> [What you have to do]: Don't include any picture when you restate the data word for word.
__________
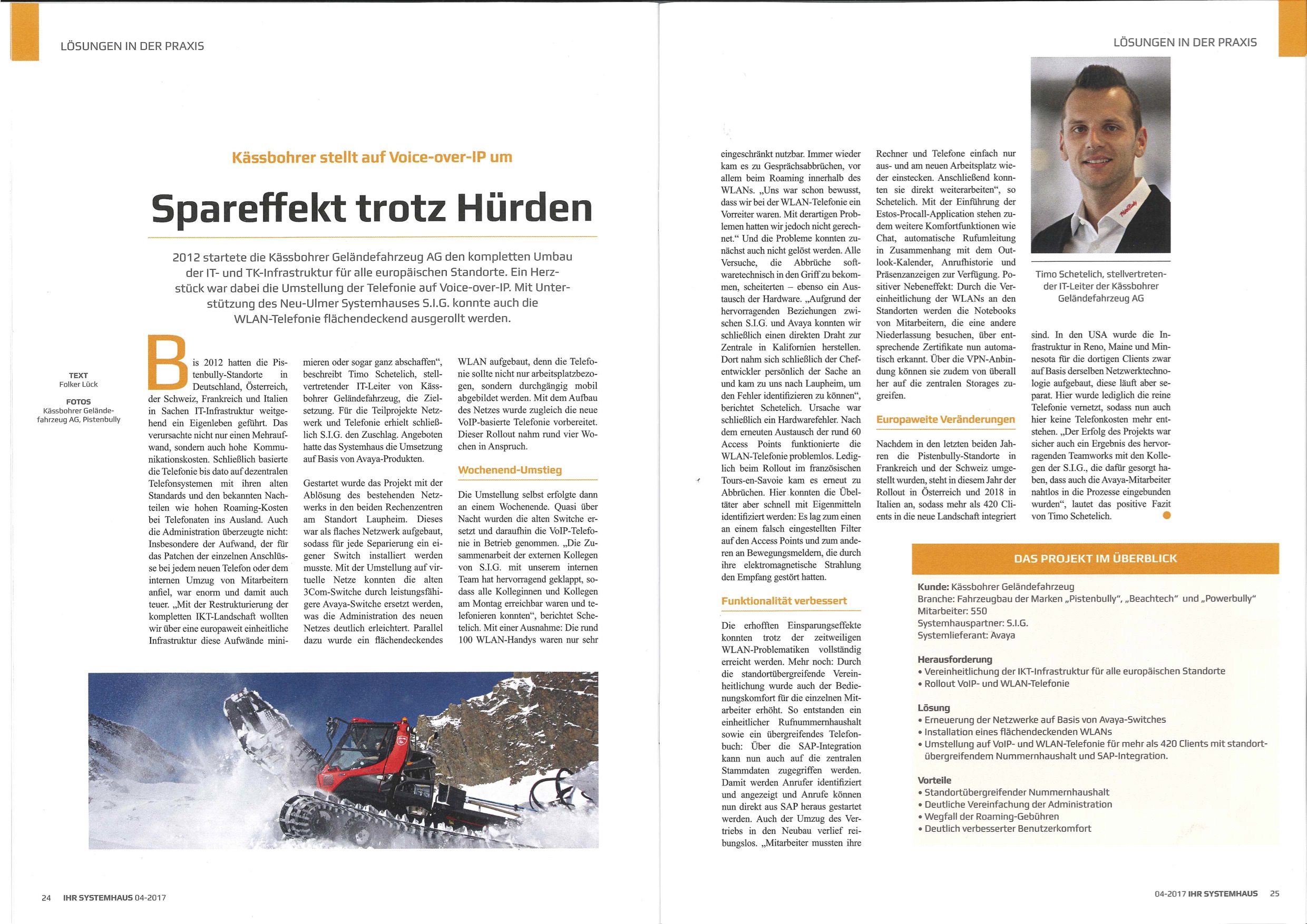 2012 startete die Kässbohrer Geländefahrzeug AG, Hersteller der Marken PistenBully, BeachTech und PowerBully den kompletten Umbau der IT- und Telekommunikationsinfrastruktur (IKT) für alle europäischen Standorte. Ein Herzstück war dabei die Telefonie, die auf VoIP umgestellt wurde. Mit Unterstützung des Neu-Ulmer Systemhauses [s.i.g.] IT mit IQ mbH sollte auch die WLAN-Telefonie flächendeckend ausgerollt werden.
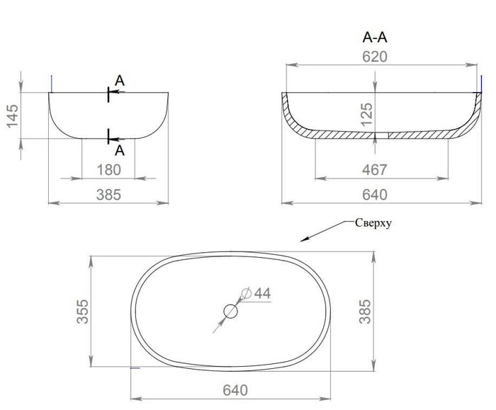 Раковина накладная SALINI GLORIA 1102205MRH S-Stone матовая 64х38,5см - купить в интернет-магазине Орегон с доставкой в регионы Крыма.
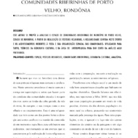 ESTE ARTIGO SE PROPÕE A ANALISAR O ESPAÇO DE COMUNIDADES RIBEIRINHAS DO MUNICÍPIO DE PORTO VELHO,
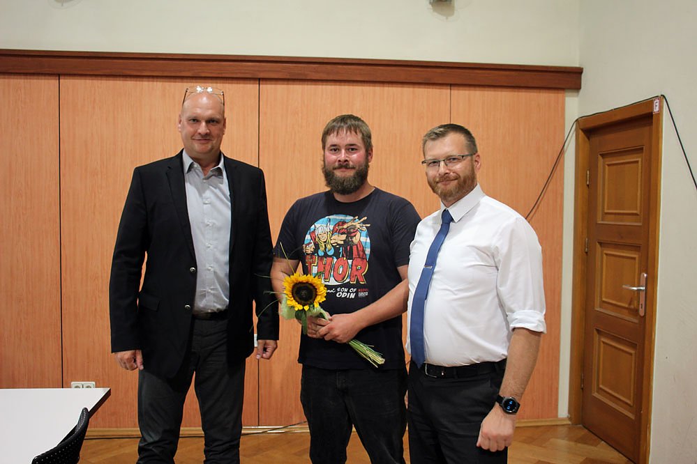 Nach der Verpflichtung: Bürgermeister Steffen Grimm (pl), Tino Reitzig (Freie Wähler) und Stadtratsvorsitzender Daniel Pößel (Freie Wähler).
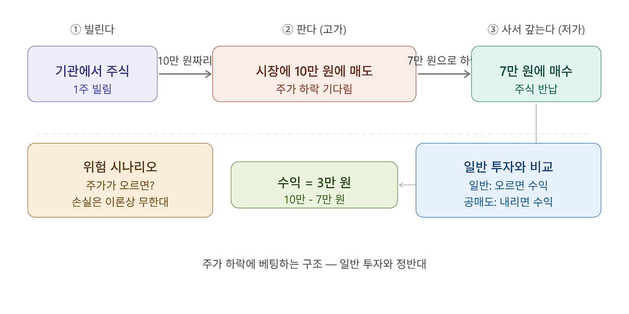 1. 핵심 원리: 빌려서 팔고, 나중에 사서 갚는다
__________
> [Response to the task]:
 2012 startete die Kässbohrer Geländefahrzeug AG, Hersteller der Marken PistenBully, BeachTech und PowerBully den kompletten Umbau der IT- und Telekommunikationsinfrastruktur (IKT) für alle europäischen Standorte. Ein Herzstück war dabei die Telefonie, die auf VoIP umgestellt wurde. Mit Unterstützung des Neu-Ulmer Systemhauses [s.i.g.] IT mit IQ mbH sollte auch die WLAN-Telefonie flächendeckend ausgerollt werden.
 Раковина накладная SALINI GLORIA 1102205MRH S-Stone матовая 64х38,5см - купить в интернет-магазине Орегон с доставкой в регионы Крыма.
 ESTE ARTIGO SE PROPÕE A ANALISAR O ESPAÇO DE COMUNIDADES RIBEIRINHAS DO MUNICÍPIO DE PORTO VELHO,
 Nach der Verpflichtung: Bürgermeister Steffen Grimm (pl), Tino Reitzig (Freie Wähler) und Stadtratsvorsitzender Daniel Pößel (Freie Wähler).
 1. 핵심 원리: 빌려서 팔고, 나중에 사서 갚는다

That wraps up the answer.